## ACTIVITY
An exact reproduction is needed of every line from the beginning of the data down to and including the line that contains "100纯羊毛连帽针织连衣裙女秋冬中长过膝毛衣裙显瘦...", minus the pictures.

## DATASET CONTENT
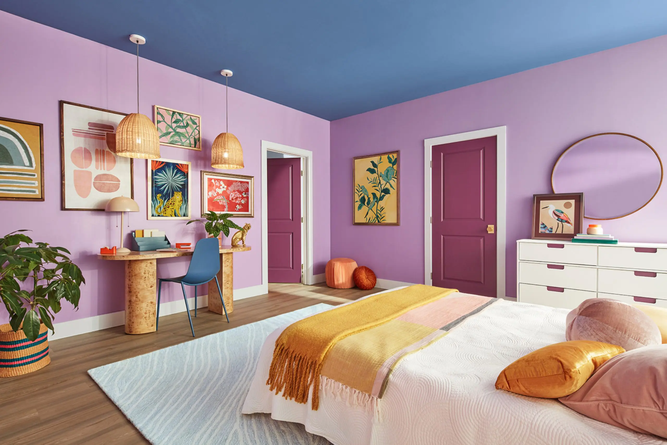 On the other hand, Rosebay is a more vibrant purple with a hint of pink. This color is lively and energetic, bringing a cheerful and bold touch to any area. It works well in rooms where you want to encourage creativity and liveliness.
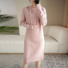 100纯羊毛连帽针织连衣裙女秋冬中长过膝毛衣裙显瘦...
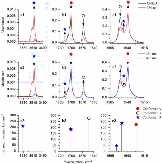 A careful examination of the ν(C=O) range of the spectrum obtained upon irradiation at 330 nm reveals the appearance of a new band at ca. 1715 cm−1 (blue star in panel b1, Figure 2). According to the DFT calculations, this band is assigned to the stretching vibration of the carbonyl group (ν(C=O)) which is not involved in a hydrogen bond. This assignment is approved by an analysis of the 3550–3480 cm−1 spectral region. In this region, a new band appears at higher wavenumbers at 3508.5 cm−1, which is assigned to the ν(OH) stretching vibration of the non-hydrogen bonded hydroxyl group (Figure 2, red trace in panel a1). This spectral pattern corresponds well to the theoretically predicted spectrum of conformer D, confirming that this structure is formed in the CNK/Ar matrix upon irradiation at 330 nm. It was not observed in the spectra obtained directly after deposition due to a significant difference in energies between form D and the most stable form A as well as a high energy barrier for their interconversion (ΔEAD = 54.71 kJ mol−1 on the S0 potential energy surface, see Figure 1). The appearance of conformer D becomes possible upon the electronic excitation of conformer B at 330 nm.
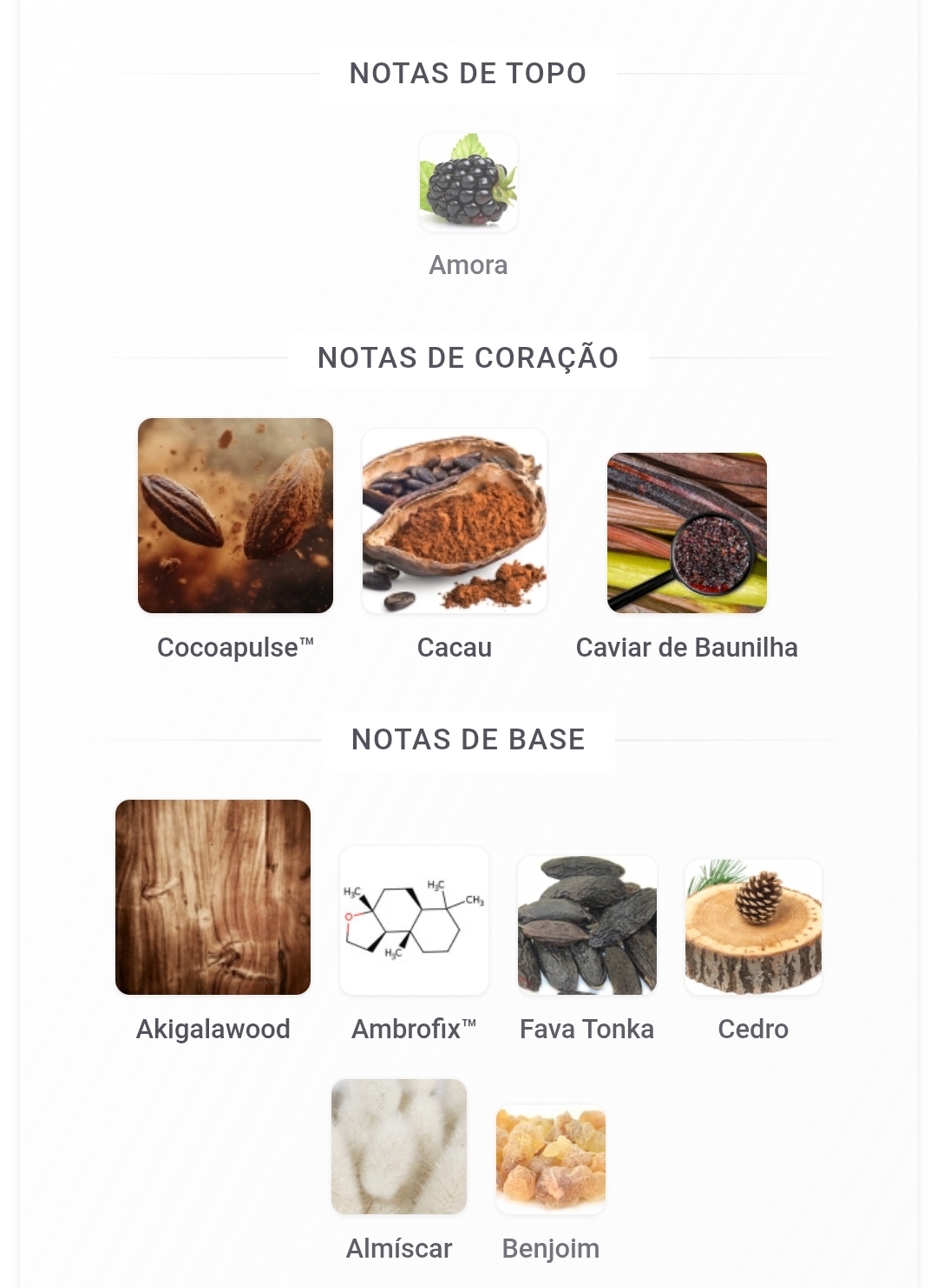 A nota de topo é: Amora. As notas de coração são: Cocoapulse™, Cacau e Caviar de Baunilha. As notas de fundo são: Akigalawood, Ambrofix™, Fava Tonka, Cedro, Almíscar e Benjoim.
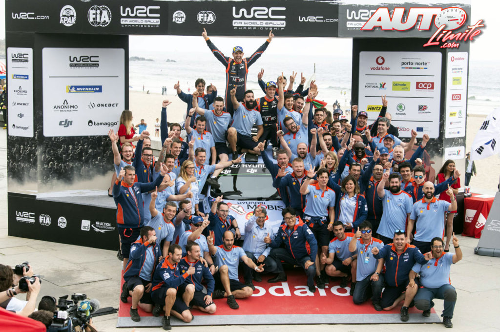 Thierry Neuville y el equipo Hyundai Motorsport, celebrando la victoria en el Rally de Portugal 2018, puntuable para el Campeonato del Mundo de Rallies WRC.
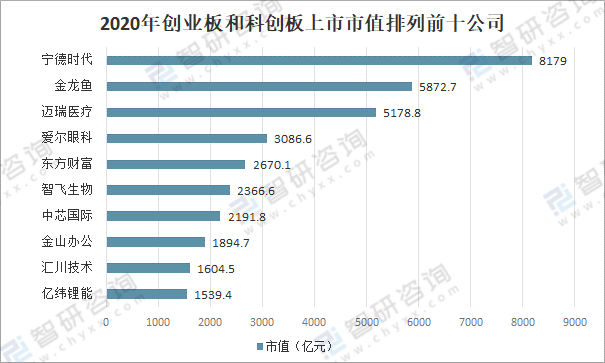 2020年創業板和科創板上市市值排列前十公司
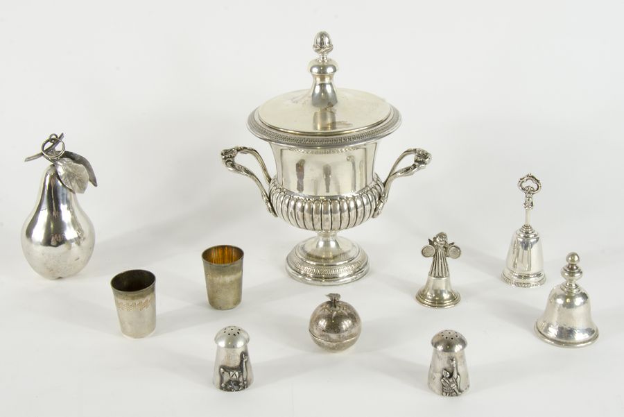 Lotto di vari oggetti in argento tra cui coppa e campanellini. Gr. 1060.
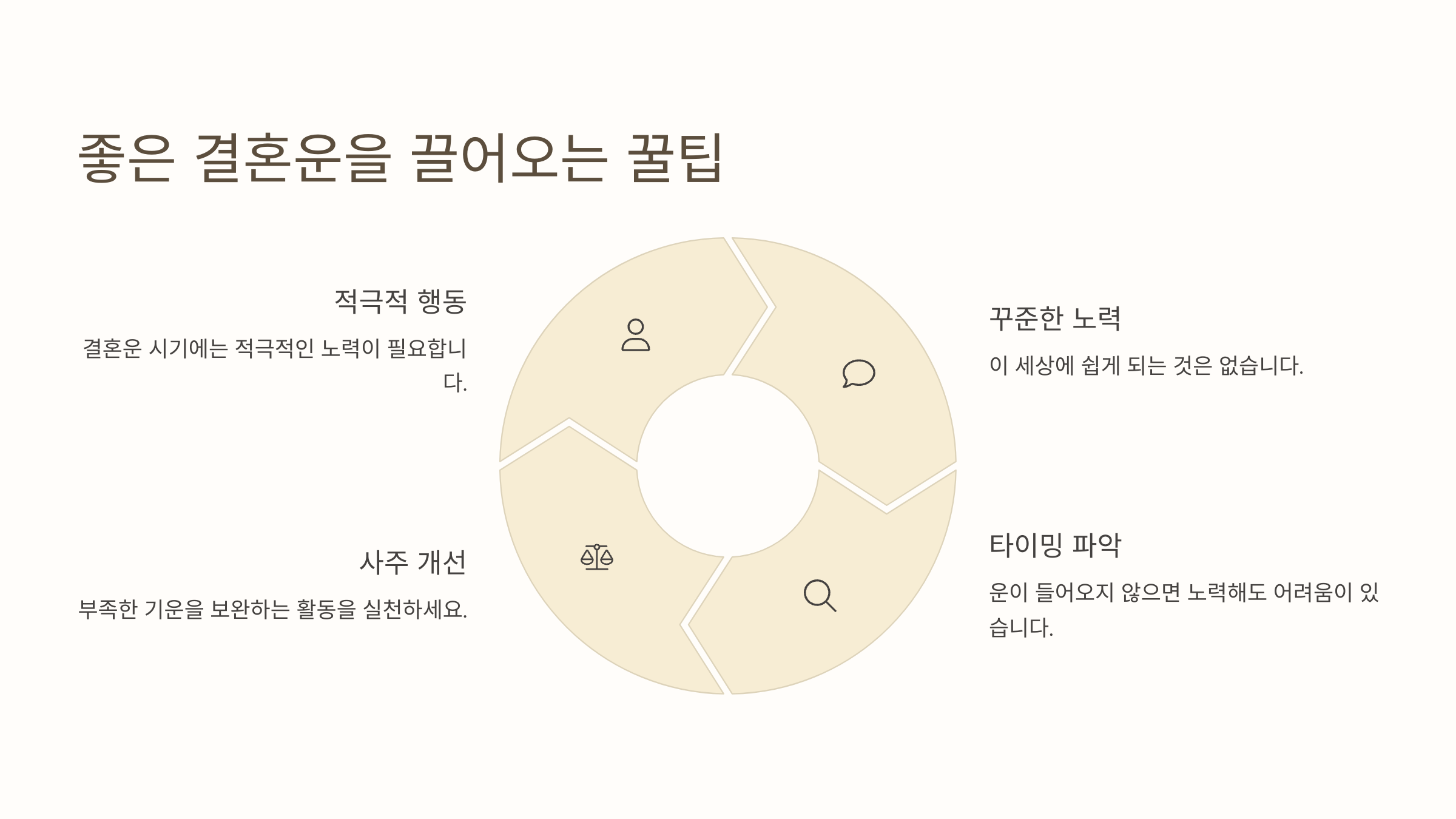 좋은 결혼운은 하늘에서 뚝 떨어지는 게 아니에요. 내 사주의 흐름과 기운을 이해하고, 그 흐름에 맞게 살아가는 것만으로도 인연은 자연스럽게 찾아온답니다. 특히 사주상 결혼이 늦는 유형이라면, 기운을 보완해주는 행동들이 중요한 역할을 해요. 결혼운은 마음가짐과 생활 습관에도 영향을 많이 받아요!첫 번째는 재성 보완이에요. 사주에서 재성이 약하거나 없을 경우, 금전이나 감정 표현에 인색해지는 경향이 있어요. 이럴 때는 실생활에서 재성을 끌어오는 색상, 방향, 음식 등을 활용해보는 것도 좋아요. 예를 들어 재성이 금(金)이라면 흰색, 은색 계열 옷을 자주 입거나 서쪽 방향을 활용하면 좋아요.

## WRITTEN ANSWER
 On the other hand, Rosebay is a more vibrant purple with a hint of pink. This color is lively and energetic, bringing a cheerful and bold touch to any area. It works well in rooms where you want to encourage creativity and liveliness.
 100纯羊毛连帽针织连衣裙女秋冬中长过膝毛衣裙显瘦...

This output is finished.